I personally don't own one or have ever used one for that matter, however I have seen a couple in action, they pretty much function behind cover (hill or behind a forest) and shoot whatever mob is coming their way, they seem fairly affective against troops. I may proxy one in the near future to see how well I like it.


----------



## cccp (Dec 15, 2006)

similar to the way you would use a basilisk. its an indirect fire weapon, and it has pretty low armour, so hide it behind a hill or whatever and load it up with missiles.

(preferably, the ones which arent mines)


----------



## Galahad (Dec 21, 2006)

here's something else to think about for new marine armies (BA & DA) vengeance missiles, or incendiary castelian? (incindiaries use the ord blast but do flamer damage and AP and ignore cover)


----------



## Engelus (Jul 26, 2007)

I played a game where I brought 3 mine laying whirlwinds, I have to say it was pretty fantastic. I covered objectives in them and blocked off critical routes, it severely hampered my opponent, who sometimes had no choice to but to go through them, the cool thing about it is that even if it scatters and misses, it is still there, so when it scatters just in front, its even more useful sometimes.
also, it can force the opponent to go the long way, so my eldar opponent was being forced to use fleet in order to get around and it prevented him from shooting at me.


----------



## Katie Drake (Nov 28, 2007)

I own two Whirlwinds and though they don't come out to play too often, every time they do they're a great asset. I've never found a single Whirlwind to be terribly effective as it always seems to scatter at the wrong time or be out of range. Taking a pair of them allows me to target pretty much anywhere on the board with at least one of them. In most missions I'll place one each on the far left and right flanks of my army behind cover and rain missile death down upon my enemies.
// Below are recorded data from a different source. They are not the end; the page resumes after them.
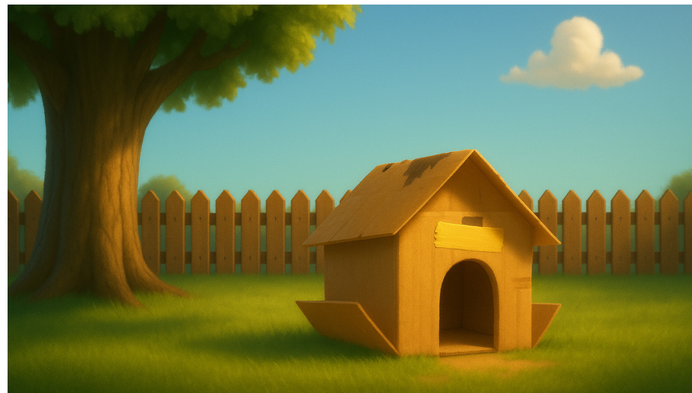
WHAT THE BUDGET ALLOWED
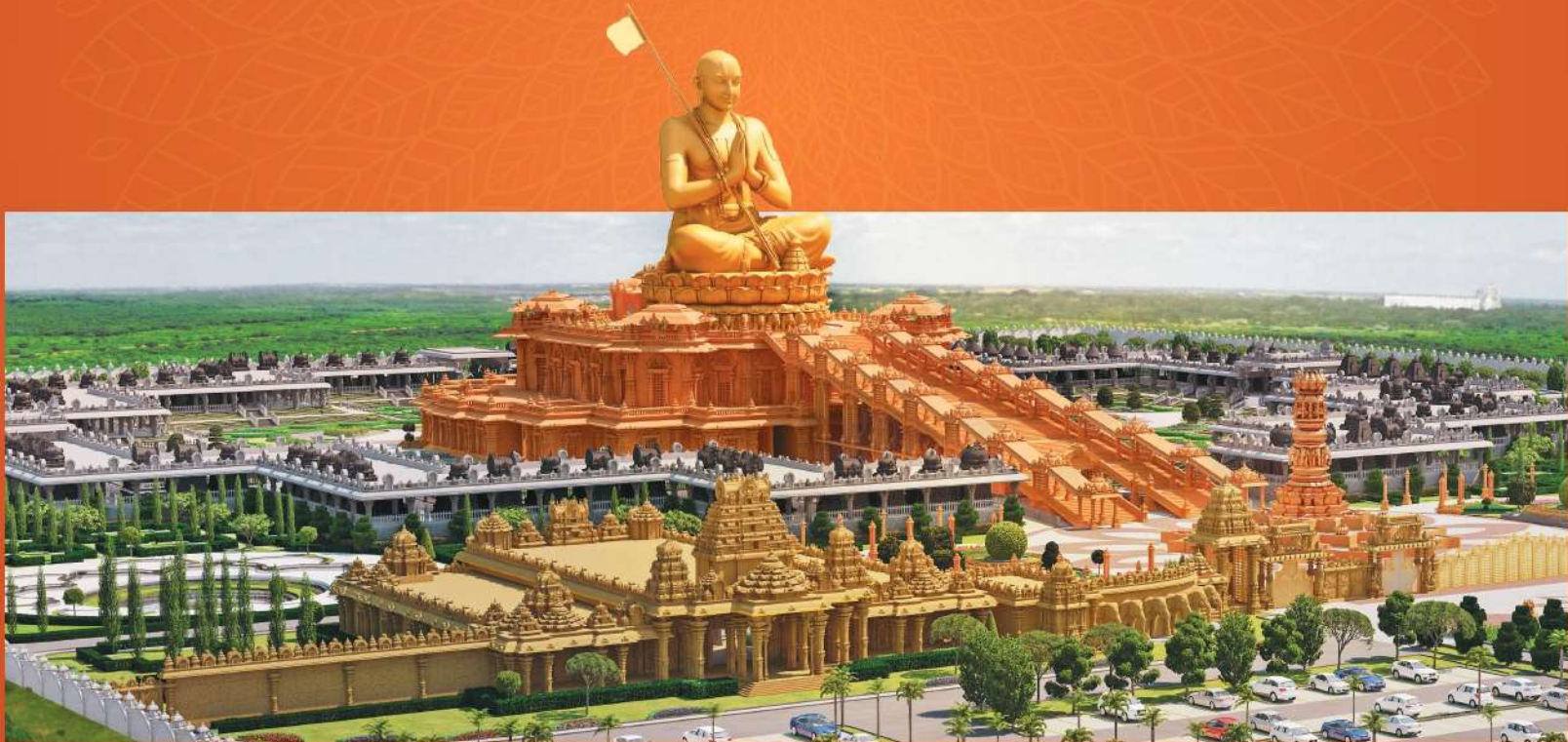
Spectacular panoramic view of Samatha Murthy, Statue Of Equality with the magnificent 108 Divya Desa:s, Divine Places Of Inspiration
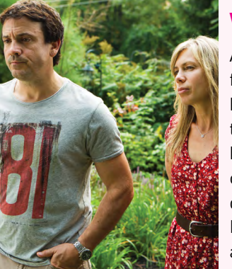
THE ODDS Em Broadcaster: TVA, Canada // Episodes: 50 x 30 mins

4 small-town friends change their identities to get jobs at one of the world's top financial firms. They will fake it all to appear more sophisticated and achieve their fantasy of opening their own investment company. Will they keep their identities intact long enough to reach their goal?
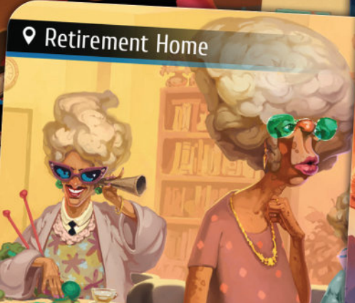
📍 Retirement Home
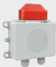
JR-BS-01 Acousto-optical Alarm
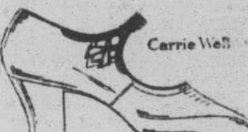
Ladies Beige Kid with Suntan Inlay Strap, Welt, 15-8 Covered Cuban Heel, Arch Rest Combination Last. Same in black Kid, Grey Lizzard Inlay.
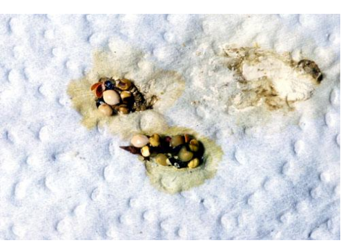
Bird droppings with undigested seeds (abnormal)
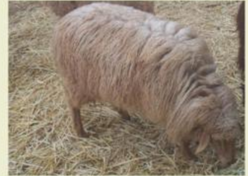
Karakul (carpet wool)
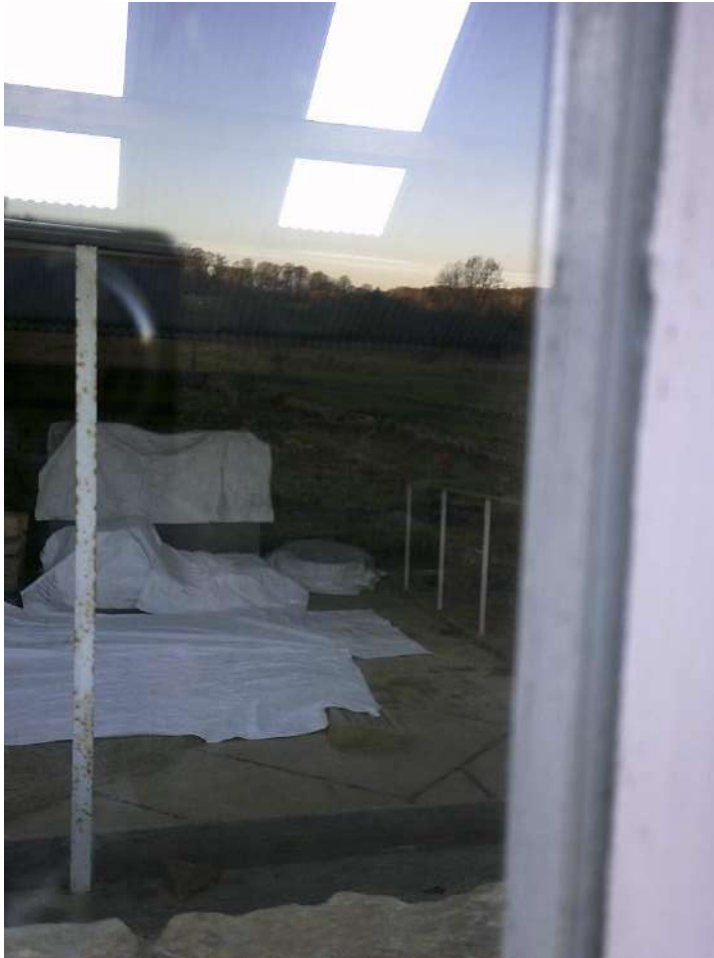
Fig. 11 c. The work for the protection and conservation of the pavement mosaic at the North Leigh Roman Villa; photo EED-V, 20 th January 2025.
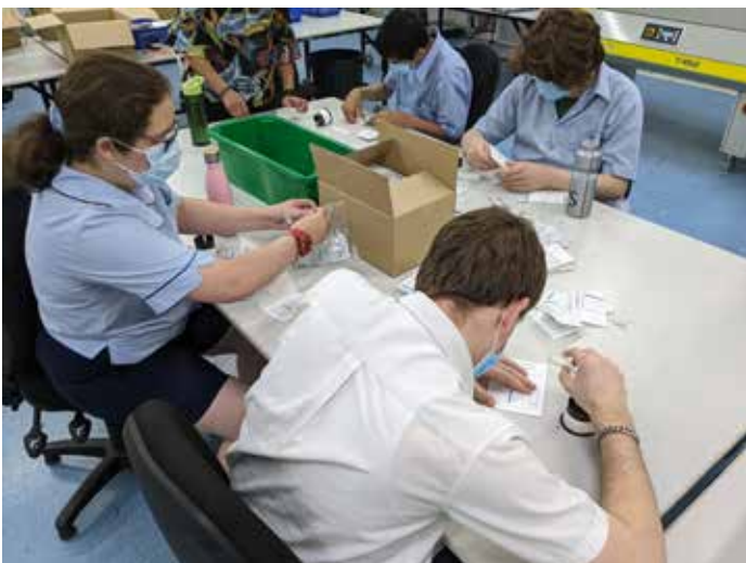
Support Unit Students at Work Experience
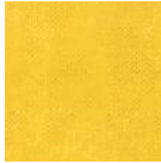
HOUSE SIDE 11 X 4
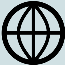
Linguascope App - Languages

I've never used the mines, so I can't comment on those. I would like to say, though, that the incendiary variety is a very interesting choice. In the Blood Angel FAQ, it states that Whirlwinds choose their ammunition type during deployment. That means that from game to game (even in a tournament) we can switch our ammunition type to suit our foes. If we're going up against armies like Space Marines then we'll use the normal Vengeance missiles (while not terribly effective against MEQs they're certainly the better choice) and napalm doom against armies like Imperial Guard or Orks who like to sit in cover and shoot (and who also have poor armor saves).

Katie D


----------



## Mad King George (Jan 15, 2008)

i need more stuff like this, i need whirlwinds and tornados.


----------



## Deceiver (Sep 19, 2007)

Edited.

I enjoy having the minefield scatter on top (below) the enemy unit. They have to make a check right away as they move out of it. Hitting vehicles in the rear armor (str 6) is ok too.


----------



## Changer of Ways (Jan 3, 2008)

Meh, whirlwinds are decent... but there are much better options for anything that you might do with a whirlwind. I say use one if you must, but try not to field more than one.


----------



## FarseerNo3 (Mar 7, 2008)

so we have 3 different types of missiles we can fire

ord
mines
flame

where are these rules in SM dex?


----------



## Galahad (Dec 21, 2006)

Normal SM only get mines and ordinance, these are listed under the description of the whirlwind.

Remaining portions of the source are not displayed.